Aussi, le Conseil de la jeunesse du 14e a voulu s'impliquer sur la problématique des jeunes majeurs sans-papiers, en organisant une réunion publique ouverte à tous les jeunes du 14e, mardi 7 avril à 18h30, à la Mairie du 14e. L'objectif de cette réunion est de voir comment le Conseil de la jeunesse et les jeunes du quartier peuvent concrètement prendre part à la commission extra-municipale dédiée aux situations relatives aux droits au(x) séjour(s).

jeudi 2 avril 2009

Des policiers au-dessus des lois ?

Ce n'est pas une surprise, mais quand c'est Amnesty International qui le dit, cela prend un tout autre poids et en dit long sur la dérive sécuritaire voulue et assumée par la droite depuis 2002 : la police française se place souvent au dessus des lois. La majorité des sites d’information relaient l'information ce matin. Dans un rapport daté du 2 avril, “l’impunité” dont bénéficieraient les forces de l’ordre françaises est montrée du doigt par Amnesty International. L’organisation de défense des Droits de l’Homme exige la mise en place d’un “organe d’enquête indépendant”.

Pour être succinct, ce rapport dresse un tableau . Il condamne l’ensemble des homicides illégaux commis par des agents (injures, passages à tabac, etc.) et souligne avec effroi que ces usages abusifs de la force tendent à se banaliser, du fait qu’ils restent trop souvent sous silence (aucun suivi d’enquête, responsables rarement traînés en justice). Une quinzaine de cas, dont celui d’Abdelhakim Ajimi, mort asphyxié par des policiers, le 9 mai 2008, vient imager et appuyer cette condamnation.

Cette “impunité”, ce manque de punition, protégerait les fonctionnaires en uniforme durant l’exercice de leurs fonctions et ouvrirait ainsi, lors d’interrogatoires musclés, des portes que chacun d’entre nous aimerait voir fermées à double tour. Amnesty rappelle qu’en 2006, déjà, la Cour Européenne des Droits de l’Homme avait rendu un arrêt dans lequel elle condamnait la France, lui demandant de donner à ses fonctionnaires des instructions précises sur l’utilisation des méthodes de contrôle.

Selon l’organisation, dont le rapport s’intitule “Des policiers au-dessus des lois”, un nouvel organe, indépendant de la police française et responsable pour juger ces homicides, doit nécessairement voir le jour. Cette mesure viserait à réduire, sinon à supprimer définitivement, tout abus de position et de force.

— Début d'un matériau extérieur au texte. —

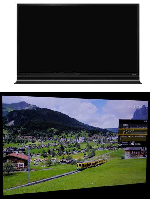 The ICC 4K LCD TV 60" prototype integrates the Integrated Cognitive Creation (ICC) visual creation technology developed by I-cubed Research Center Inc, with large-screen, high-resolution LCD technology nurtured in the development of Sharp AQUOS TVs. This involves not merely enhancing the image quality in video signal processing. Rather than that, a new signal processing technology combined with panel control technology reproduce the "cognitive" process, by which "the human brain interprets light stimuli as natural scenery or an object using a TV video display to re-create the equivalent light stimuli," acording to Sharp. "Landscapes in perspective, the realistic appearance of human figures, textures, etc., are displayed on the screen with a true-to-life quality approaching that of the real world," the company says.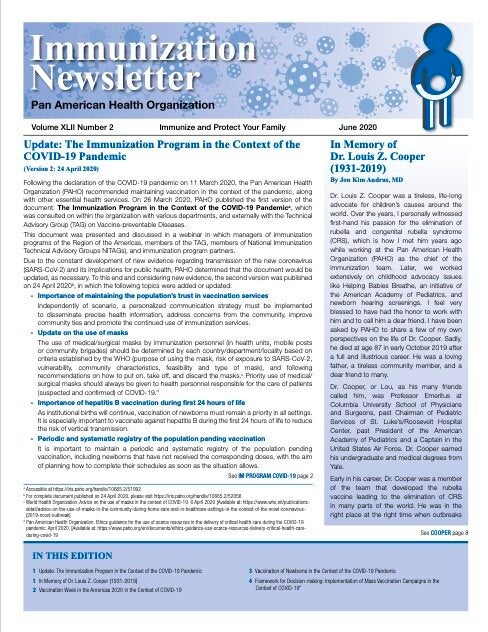 In this edition: Update: The Immunization Program in the Context of the COVID-19 Pandemic | In Memory of Dr. Louis Z. Cooper (1931-2019) | Vaccination Week in the Americas 2020 in the Context of COVID-19 | Vaccination of Newborns in the Context of the COVID-19 Pandemic | Framework for Decision-making: Implementation of Mass Vaccination Campaigns in the Context of COVID-19P

Certains assument que la police emploie des méthodes de plus en plus musclées au nom de son efficacité. Depuis 2002 avec la réélection de Jacques Chirac à la Présidence de la République et l'arrivée de N. Sarkozy à la tête du ministère de l'Intérieur, le pouvoir assume pleinement une politique sécuritaire basée sur la répression, qui on le constate, n'a fait que renforcer un climat de plus en plus violent dans notre société. Le Président de la République serait bien inspiré de prendre en considération ce rapport particulièrement détaillé.